Member of the European Parliament for Germany
- Incumbent
- Assumed office 16 July 2024

Member of the Landtag of Thuringia
- In office 27 October 2019 – 15 July 2024
- Succeeded by: Stefan Schröder

Personal details
- Born: 24 April 1987 (age 39) Lüdinghausen, North Rhine-Westphalia, Germany
- Party: Alternative for Germany (since 2017)
- Other political affiliations: Social Democratic (2003–2014)^{[citation needed]}
- Education: University of Giessen

= René Aust =

German politician (born 1987)

René Philip Aust (born 24 April 1987) is a German politician of the Alternative for Germany (AfD). He entered the state parliament of Thuringia after the state elections of 27 October 2019. In the 2024 European Parliament election he came third on his party's list and entered the European Parliament.
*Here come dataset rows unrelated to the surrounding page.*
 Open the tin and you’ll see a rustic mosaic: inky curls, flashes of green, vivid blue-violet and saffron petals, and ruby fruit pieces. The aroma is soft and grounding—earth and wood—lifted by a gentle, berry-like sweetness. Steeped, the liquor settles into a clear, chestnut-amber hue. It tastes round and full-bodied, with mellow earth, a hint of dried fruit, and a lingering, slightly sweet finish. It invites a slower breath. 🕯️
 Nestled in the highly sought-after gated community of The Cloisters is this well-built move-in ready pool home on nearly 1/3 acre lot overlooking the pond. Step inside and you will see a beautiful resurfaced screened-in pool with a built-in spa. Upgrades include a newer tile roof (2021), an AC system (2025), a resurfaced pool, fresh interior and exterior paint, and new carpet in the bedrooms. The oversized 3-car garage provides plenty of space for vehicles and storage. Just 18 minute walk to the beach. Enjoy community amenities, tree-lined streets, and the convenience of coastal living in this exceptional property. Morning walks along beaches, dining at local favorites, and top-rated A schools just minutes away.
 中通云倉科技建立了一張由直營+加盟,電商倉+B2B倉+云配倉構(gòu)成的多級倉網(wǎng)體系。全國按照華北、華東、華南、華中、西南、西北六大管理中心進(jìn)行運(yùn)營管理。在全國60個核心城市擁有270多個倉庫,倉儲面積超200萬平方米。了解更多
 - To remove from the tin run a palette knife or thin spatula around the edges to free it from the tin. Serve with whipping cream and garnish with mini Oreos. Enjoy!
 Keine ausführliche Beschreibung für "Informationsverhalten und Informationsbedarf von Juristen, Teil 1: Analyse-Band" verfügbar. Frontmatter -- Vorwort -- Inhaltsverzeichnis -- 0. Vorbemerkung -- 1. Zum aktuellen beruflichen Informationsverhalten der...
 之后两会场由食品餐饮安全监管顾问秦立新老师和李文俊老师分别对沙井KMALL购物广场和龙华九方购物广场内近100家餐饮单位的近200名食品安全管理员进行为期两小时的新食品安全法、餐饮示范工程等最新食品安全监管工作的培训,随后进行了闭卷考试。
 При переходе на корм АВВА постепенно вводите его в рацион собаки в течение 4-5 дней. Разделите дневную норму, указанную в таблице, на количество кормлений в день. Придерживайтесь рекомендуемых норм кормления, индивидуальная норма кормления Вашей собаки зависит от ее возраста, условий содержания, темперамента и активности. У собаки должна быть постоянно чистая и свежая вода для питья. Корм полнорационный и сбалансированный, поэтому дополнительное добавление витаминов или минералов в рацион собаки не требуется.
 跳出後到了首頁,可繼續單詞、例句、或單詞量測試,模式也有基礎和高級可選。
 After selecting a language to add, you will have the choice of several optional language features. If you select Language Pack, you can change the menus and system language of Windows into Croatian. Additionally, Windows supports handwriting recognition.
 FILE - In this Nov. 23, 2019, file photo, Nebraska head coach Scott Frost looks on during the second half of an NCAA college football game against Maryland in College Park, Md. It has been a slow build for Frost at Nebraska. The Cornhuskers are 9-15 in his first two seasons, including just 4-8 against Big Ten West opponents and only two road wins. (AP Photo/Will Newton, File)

As the AfD had banned Maximilian Krah and Petr Bystron from appearing in public during the campaign for the 2024 European elections, Aust was "in the national spotlight." The AfD won 15 of Germany's 96 seats in the European Parliament. At their inaugural meeting, the 15 newly elected MEPs chose Aust as head of the AfD's delegation to the European Parliament, while also approving a motion not to include Krah in their delegation.